Startups, Pharma

Xeris gets $41M for shelf-stable glucagon pen

The company's using the funding to help commercialize its shelf-stable glucagon pen for hypoglycemia in diabetics.

xeris pharmaceuticals

Austin-based specialty drug startup Xeris Pharmaceuticals just closed a $41 million Series C round to advance its G-Pen – a shelf-stable glucagon product for diabetics with severe hypoglycemia.

The new formulation is in the midst of Phase 3 trials, and the new funding is meant primarily to ramp up trials and commercialization.
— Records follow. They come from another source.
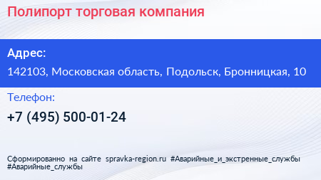 Полипорт, торговая компания по адресу 142103, Московская область, Подольск, Бронницкая, 10 в дальнейшем Организация, размещена в следующих категориях:
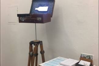 Im Projektraum periscope baute Dorit Ehlers im August einen Koffer auf. Eine kleine Flasche war darin zu sehen, ein Projektor warf Wellen auf die weiße Fläche. Die Aufgabe für die Besucher: Stell dir vor, du stehst an der Reling. Du siehst aufs Meer, hörst das Meer, riechst das Meer. Was kommt dir in den Sinn? Was fragst du die unbekannte Person neben dir? Diese Fragen kritzelten die Salzburger auf Kärtchen - die gemeinsam mit Ehlers nach Hamburg reisten.
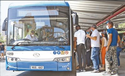 塞浦路斯从中国进口的155辆“抗疫客车”7月5日正式投放到首都尼科西亚和东南部城市拉纳卡的公交系统,为当地居民在疫情期间出行带来了安全和便利。这批金龙牌客车配有自动喷淋消杀系统,能高效完成车内乘客易接触部位及空气的消毒灭菌。图为5日,乘客在塞浦路斯尼科西亚等候上车。
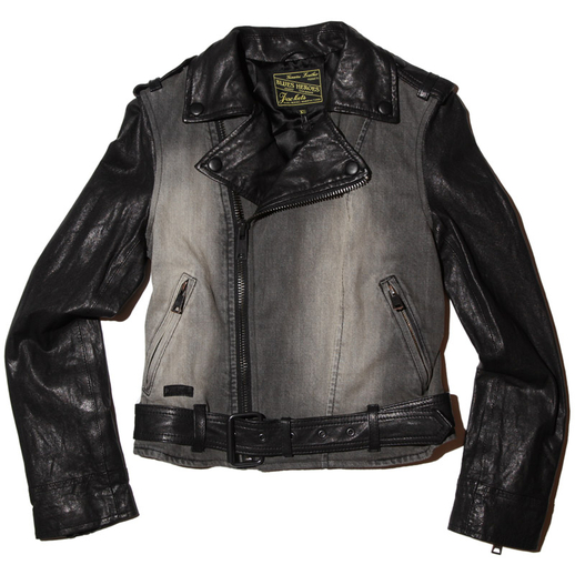 黑色拼牛皮領袖洗水牛仔褸 $3,680.00
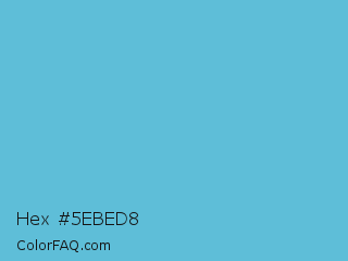 Hex #5ebed8 Color is a light cyan color and the nearest color is Viking #64ccdb. Hex code #5ebed8 and RGB value is rgb(94,190,216). In RGB color space, this color is composed of 37% red, 75% green, 85% blue, In CMYK color space, this color is composed of 56% cyan, 12% magenta, 0% yellow , 15% black , In HSL color space, this color has a hue angle of 193° , 61% saturation and 61% lightness.

“The current emergency kit on the market involves dry powder in a vial that has to be manually mixed up and is a nine-step process,” Douglas Baum, CEO of Xeris, told the Austin American-Statesman. “Ours is premixed and is sort of an EpiPen for diabetics. It’s two steps; you take off the cap and press it against the skin and it delivers the (drug) right away.”

The financing was led by the Redmile Group, as well as new investors Deerfield Management and Sabby Management and the McNair Group.

 

The company also has a number of other glucagon products meant to treat hypoglycemia that are in Phase 2 trials, Xeris said in a statement. The company also got FDA fast track status last year for an orphan form of congenital hyperinsulinism.

The company was launched in 2005 in San Francisco, but migrated to Austin in 2010 to reduce costs.